Итак… Коробка. Простая, кустарная. Никакого сложного литья, никаких часовых механизмов, видимых через щели. Провод тонкий. Слишком тонкий для дистанционного управления на большом расстоянии. Значит, детонатор должен быть здесь, поблизости. Электрический. Значит и в самом деле часовой механизм. Саперов не дождаться.
Иван Павлович прикоснулся скальпелем к крышке, поддел ее. Дерево податливо заскрипело. Сердце заколотилось где-то в горле. Доктор снял крышку.
И тут же выдохнул.
Внутри не было никакой сложной схемы, никаких хитроумных механизмов. В коробке, обложенный кусками взрывчатки, похожей на хозяйственное мыло, лежал обычный электрический патрон для лампочки. В него была вкручена не лампочка, а толстая нихромовая спираль, концы которой были прикручены к тому самому медному проводу. Рядом валялась старая, потрескавшаяся от фонарика.
«Батарейка марки „Гном“, завод Н. К. Власова, Москва», — прочитал Иван Павлович.
Принцип бомбы был до безобразия прост: подать ток на спираль, спираль раскалится, подожжет взрывчатку и… взрыв. Все гениальное — просто. И смертельно.
«Кустарщина, — промелькнула мысль. — Собрано на коленке. Но от этого не менее опасно».
Простота устройства говорила о многом. Во-первых, о спешке. Собирали быстро, из того, что было под рукой. Во-вторых, о том, что исполнитель — не высококлассный инженер, а скорее практик, солдат или диверсант, знакомый с основами подрывного дела.

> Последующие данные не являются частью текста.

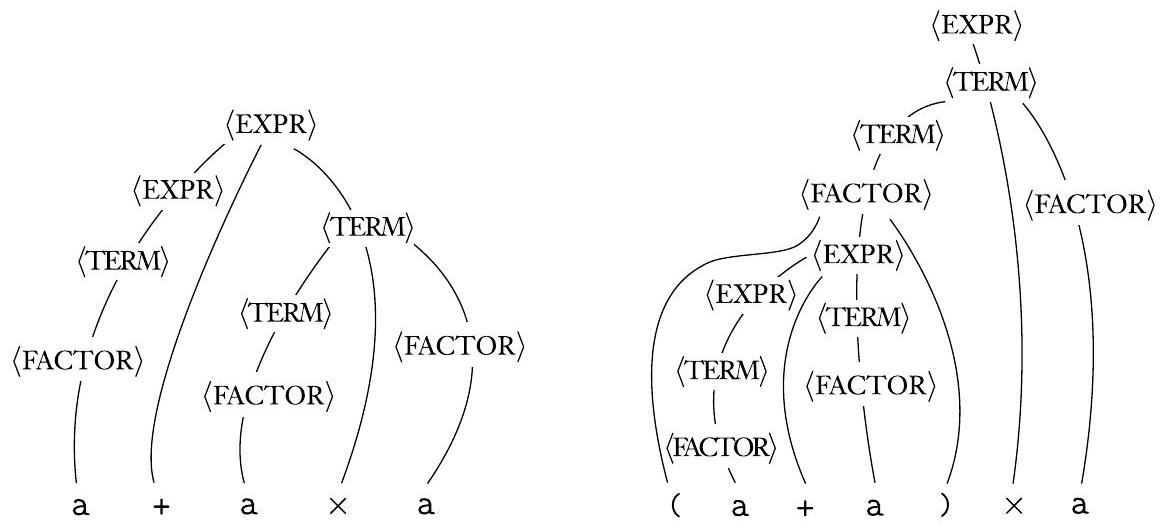 这个文法二义性地生成了字符串 $\mathrm{a}+\mathrm{a} \times \mathrm{a}$。下图显示了两个不同的分析树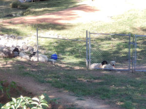 You may note in this photo that Kali is wearing her training collar. That’s Mr. Headbutts’ fault. That sheepish little imp just loves to whop the puppies with his head, then race away, daring them to chase him, which they cannot resist doing. Unfortunately, none of the other lambs are as excited about this game. I warned Mr. Headbutts that he has to stop that or I’ll be putting that collar on him.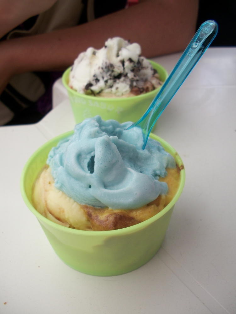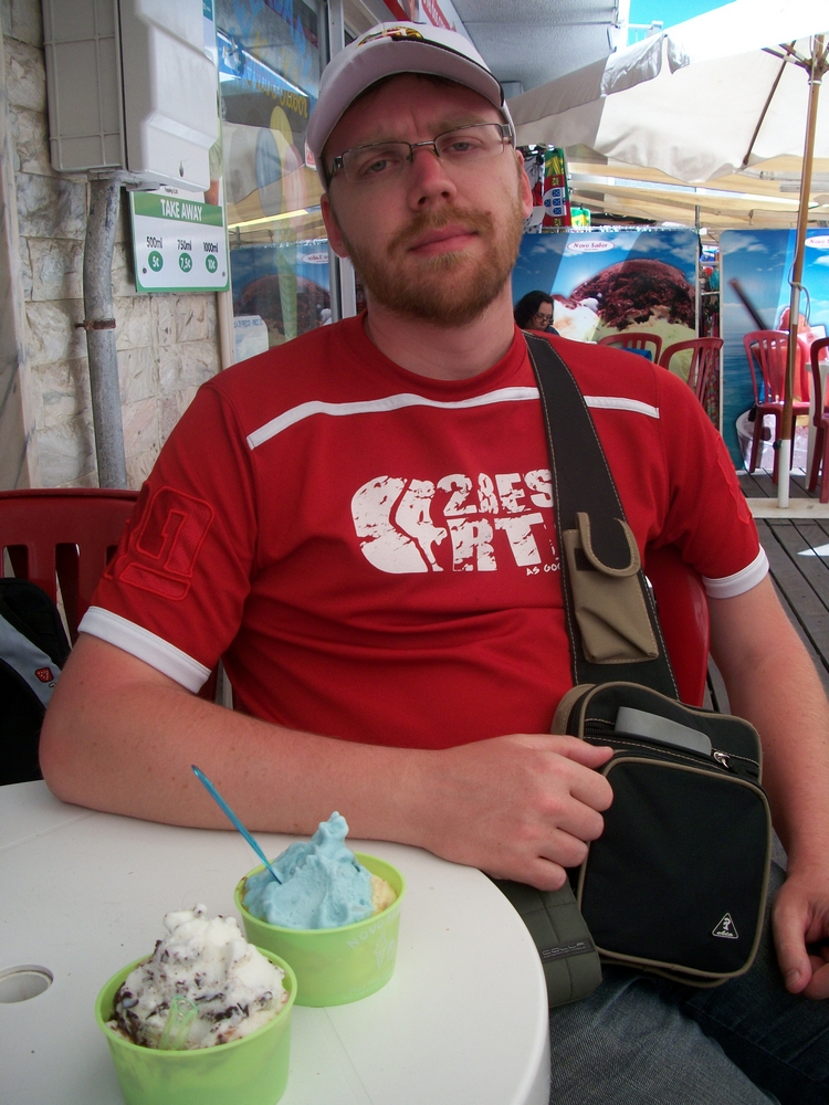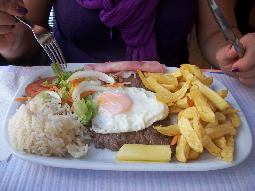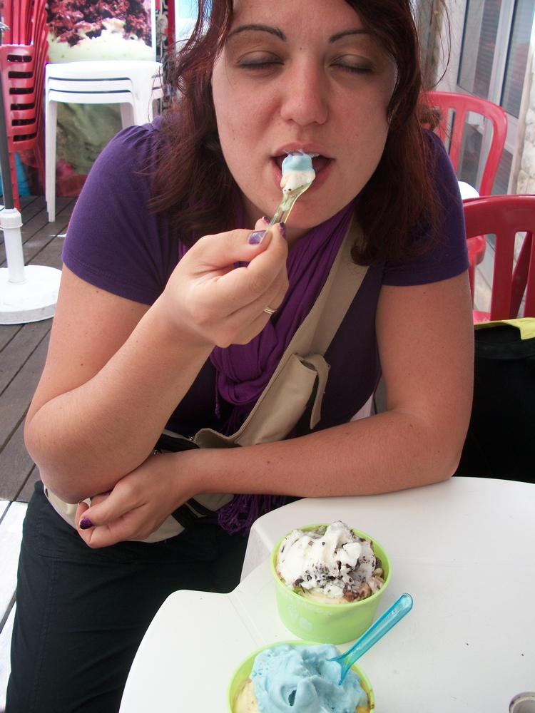 On trouve un petit resto, le Copacabana, je voulais une petite salade et je me retrouve avec un steak et ses accompagnements (11€ c’est pas volé)!!! On a déjà repéré le dessert chez un glacier, des boules de glace 2.5€ les 3 boules.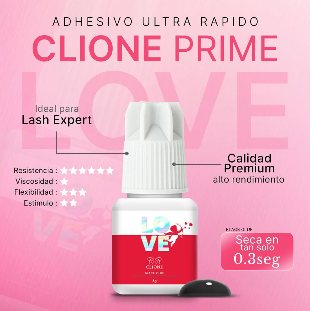 Pegamento para extensiones de pestañas Clione Prime Love, con un tiempo de secado increíblemente rápido de tan solo 0,3 segundos. ¡Imagina la agilidad y precisión que este pegamento puede aportar a tus extensiones de pestañas!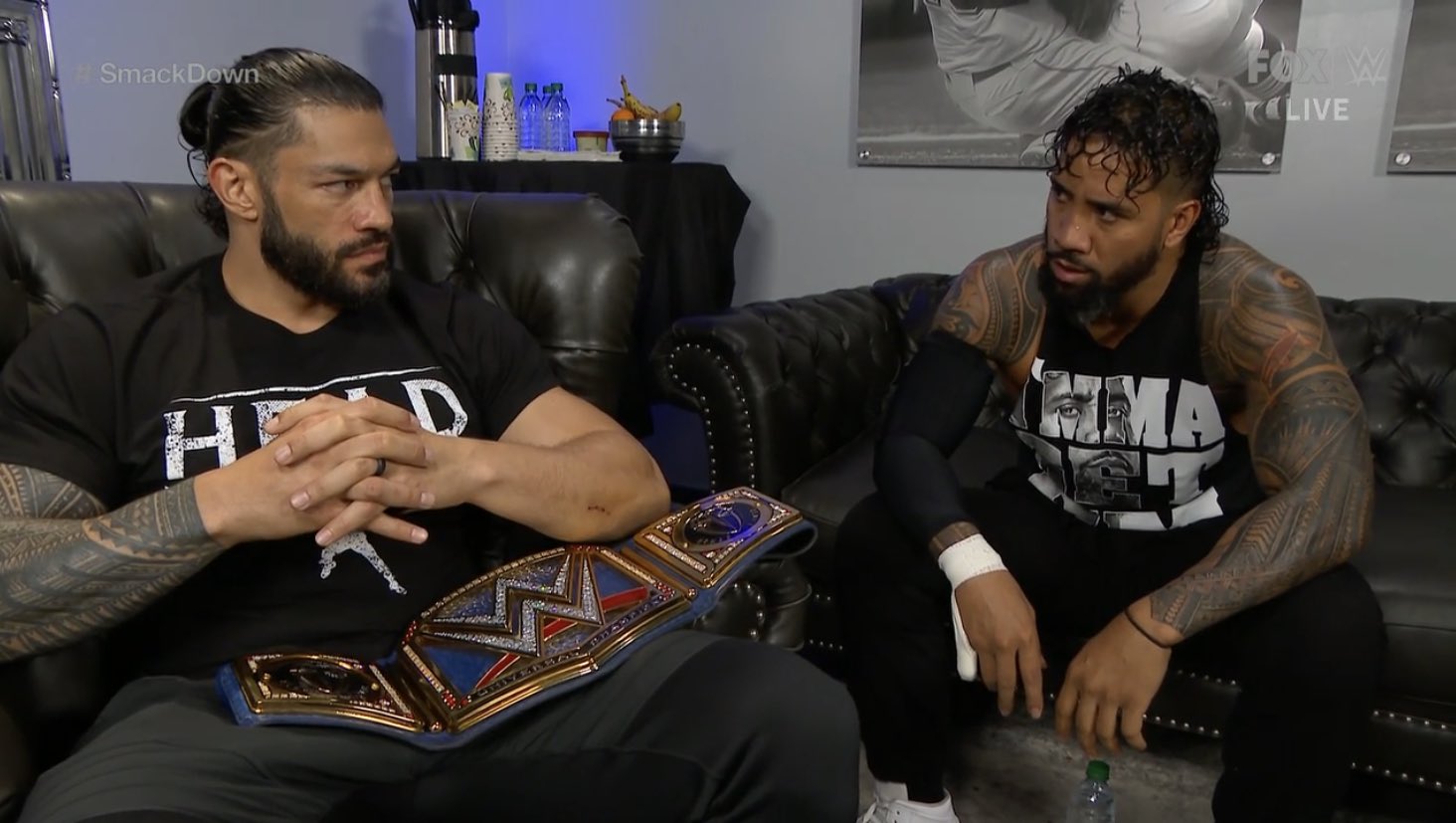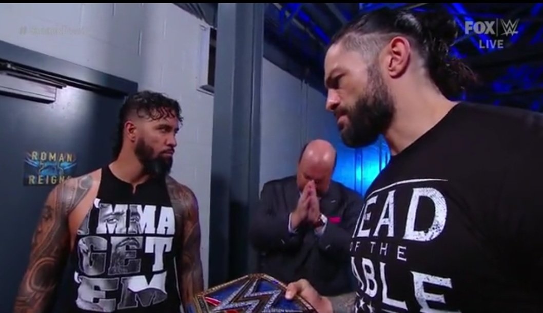 En los camerinos, Paul Heyman le dice que fue Adam Pearce quien programó el encuentro. Reigns está molesto pero le dice a Jey Uso que demuestre de qué está hecho.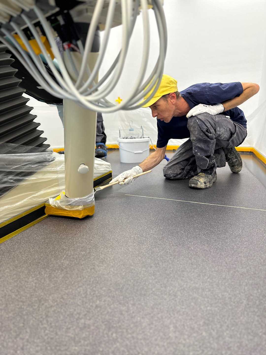 Der vorhandene Linoleumboden wird mit Spezialreinigungspads und Grundreiniger gründlich gereinigt und mechanisch für die Beschichtung vorbereitet.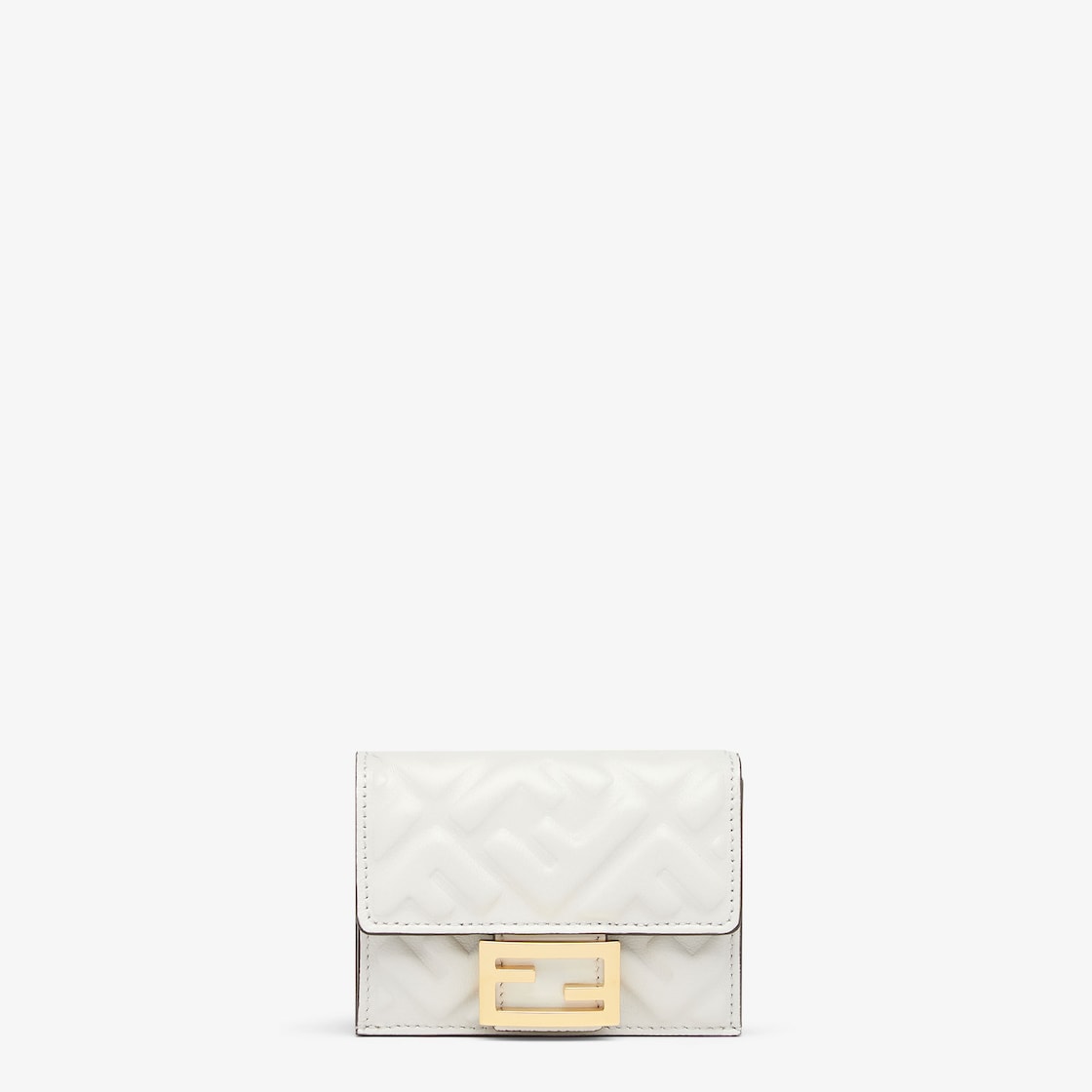 Compact, tri-fold Baguette wallet with large internal banknote compartment, three concealed card holders and an external coin purse with a press-stud fastening. Made of white nappa leather with 3D-textured FF motif. Gold-finish metalware.

Он посмотрел на спираль, которая должна была стать очагом смерти, и увидел в ней лишь кусок проволоки. Угроза из сложной и мистической снова стала просто инженерной задачей. А задачи имеют решения.
Лезвие скальпеля блеснуло в скупом свете. Один точный, резкий разрез — и медная жила, бывшая нервом этого мертвого организма, разомкнулась. Щелчка не последовало. Только тишина, внезапно ставшая еще громче.
Иван Павлович отстранился от свертка, чувствуя, как спина мгновенно стала мокрой от холодного пота. Опустил руку со скальпелем, и она вдруг затряслась.
Семашко молча подошел, заглянул в нишу, потом посмотрел на Ивана Павловича.
— Теперь можно звать чекистов, — хрипло сказал доктор. — И обыскать весь периметр. Я почти уверен, что это не единственная «заначка».
— Краюшкин, беги к проходной, к телефону! — отдал распоряжение Семашко. — Прямая связь с Лубянкой. Хотя, постой… я сам позвоню, напрямую.